▶ [Problem statement]
Nothing but the lines from the one containing "وأضافت اللائحة الى" through the last line of the data below should be returned, each exactly as it stands, pictures excluded.

▶ [Record set]

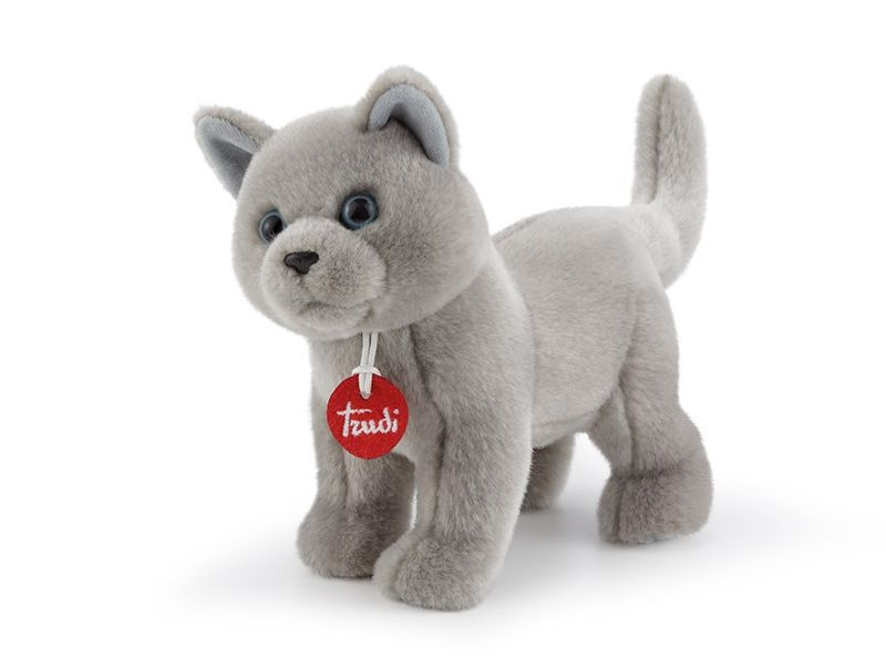 Maskotka dla dzieci szara kotka Trudi została wykonana z materiałów wysokiej jakości i uszyta ręcznie, z dbałością o każdy detal. Delikatna w dotyku i pełna autentycznych niuansów przypomina prawdziwe zwierzątko, co pomaga dzieciom rozwijać wyobraźnię oraz uczy budowania relacji. Do produkcji wykorzystano wyłącznie surowce nietoksyczne i ognioodporne, co zwiększa bezpieczeństwo najmłodszych. Wypełnienie umieszczono w zabezpieczonym, tkanym woreczku, który chroni przed wysypywaniem. Maskotkę można prać w pralce w 30 stopniach lub czyścić ręcznie gąbką i łagodnym mydłem .
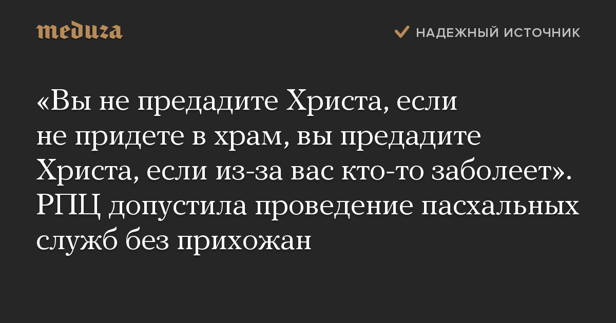 «Вы не предадите Христа, если не придете в храм, вы предадите Христа, если из-за вас кто-то заболеет». РПЦ допустила проведение пасхальных служб без прихожан
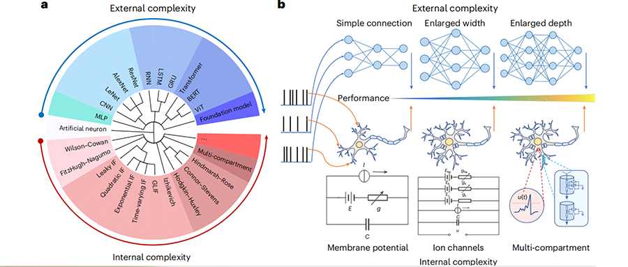 中國(guó)類腦計(jì)算研究登Nature子刊:解鎖AI性能提升新路徑,中科院清華北大聯(lián)合成果▲不同內(nèi)部和外部復(fù)雜性的典型模型、神經(jīng)元和網(wǎng)絡(luò)
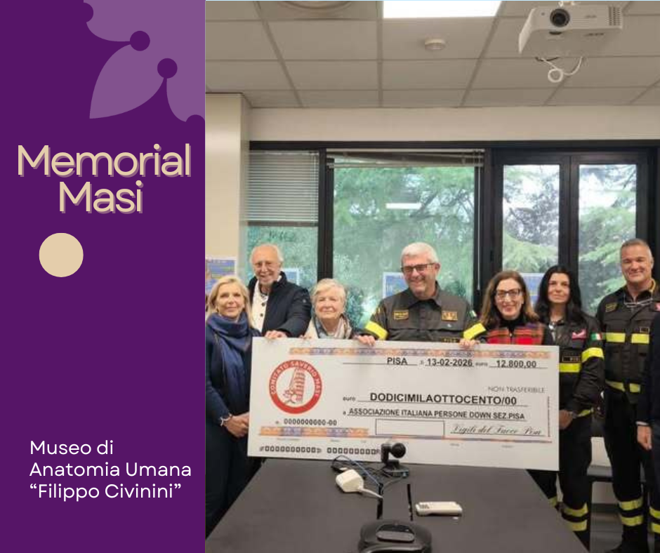 Pisa, 16 febbraio 2026 – Il Memorial Saverio Masi, manifestazione promossa in memoria del vigile del fuoco Saverio Masi, giunta alla sua 19° edizione, si è conclusa venerdì 13 febbraio 2026 con la consegna di 12.800 euro alla sezione pisana dell’Associazione Italiana Persone Down (AIPD ) da parte dei Vigili del Fuoco di Pisa.
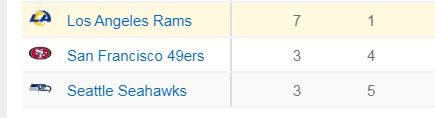 I was hoping for a Niners win, which makes me throw up in my mouth a little. We cannot go to SF and lose next week.
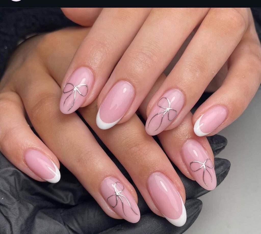 These nails show a soft pink base with classic white French tips and bow nail art. The thin bow designs add a cute and playful element.
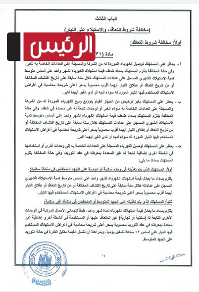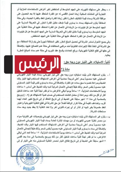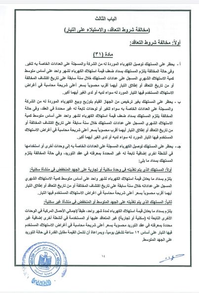 وأضافت اللائحة الى ضرورة الالتزام بالشروط والضوابط الالزامية مع مخالفات شروط التعاقد والاستيلاء بدون وجه حق على التيار المعتمدة من مجلس إدارة الجهاز وأهمها تصوير الواقعة وإرفاق صورة الخطاب المعتمد من الجهة المعنية بتنفيذ الضبطية وتقرير الضبطية مع التأكيد على حق الشركة في اتخاذ الإجراءات القانونية ضد مرتكبي جريمة الاستيلاء على التيار الكهربائي بدون وجه حق في حالة عدم التصالح.
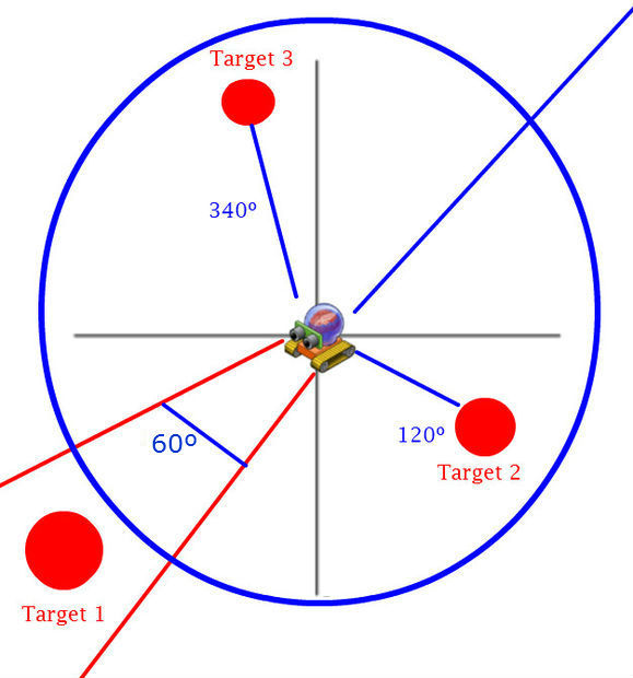 - The PC calculates the angle between the bot and the target.
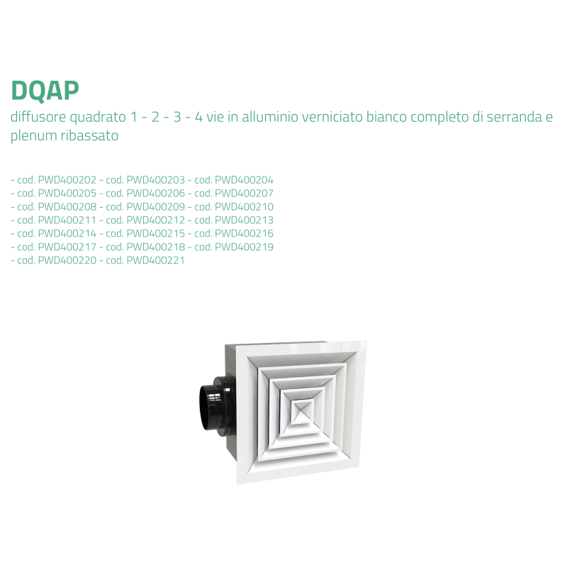Tecnosystemi DQAP Diffusore Quadrato a Tre Vie in Alluminio Verniciato Bianco con Serranda e Plenum Ribassato - Registri e Griglie Completi
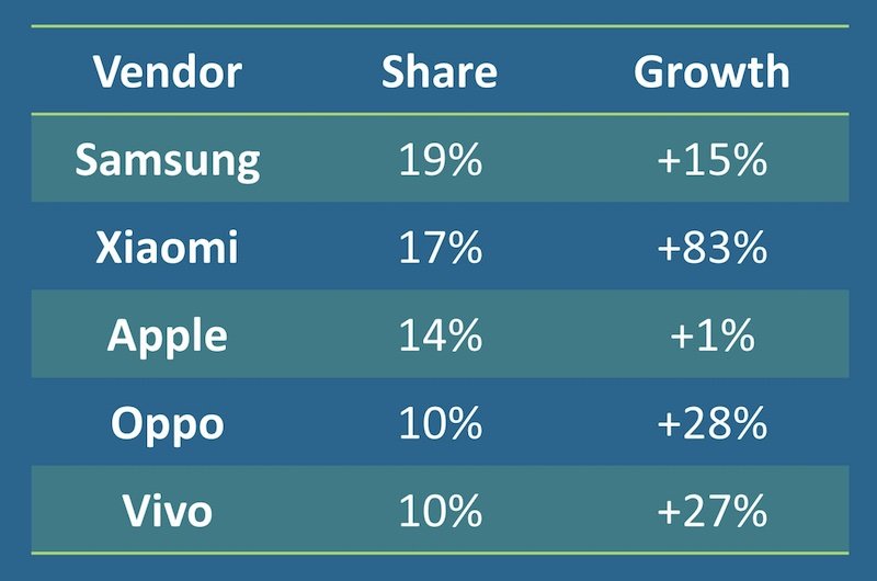 那就是说:当小米、OPPO 和 vivo 忙着接收华为剩下来的中低端市场之际,销量大幅上升之际;但尽管 iPhone 的销量无法借机大幅增加,但销量大多集中于原来属于华为的高端市场。那就正如 Odin 上回所说:“跌倒华为、吃饱苹果“。

▶ [Task response]
 وأضافت اللائحة الى ضرورة الالتزام بالشروط والضوابط الالزامية مع مخالفات شروط التعاقد والاستيلاء بدون وجه حق على التيار المعتمدة من مجلس إدارة الجهاز وأهمها تصوير الواقعة وإرفاق صورة الخطاب المعتمد من الجهة المعنية بتنفيذ الضبطية وتقرير الضبطية مع التأكيد على حق الشركة في اتخاذ الإجراءات القانونية ضد مرتكبي جريمة الاستيلاء على التيار الكهربائي بدون وجه حق في حالة عدم التصالح.
 - The PC calculates the angle between the bot and the target.
Tecnosystemi DQAP Diffusore Quadrato a Tre Vie in Alluminio Verniciato Bianco con Serranda e Plenum Ribassato - Registri e Griglie Completi
 那就是说:当小米、OPPO 和 vivo 忙着接收华为剩下来的中低端市场之际,销量大幅上升之际;但尽管 iPhone 的销量无法借机大幅增加,但销量大多集中于原来属于华为的高端市场。那就正如 Odin 上回所说:“跌倒华为、吃饱苹果“。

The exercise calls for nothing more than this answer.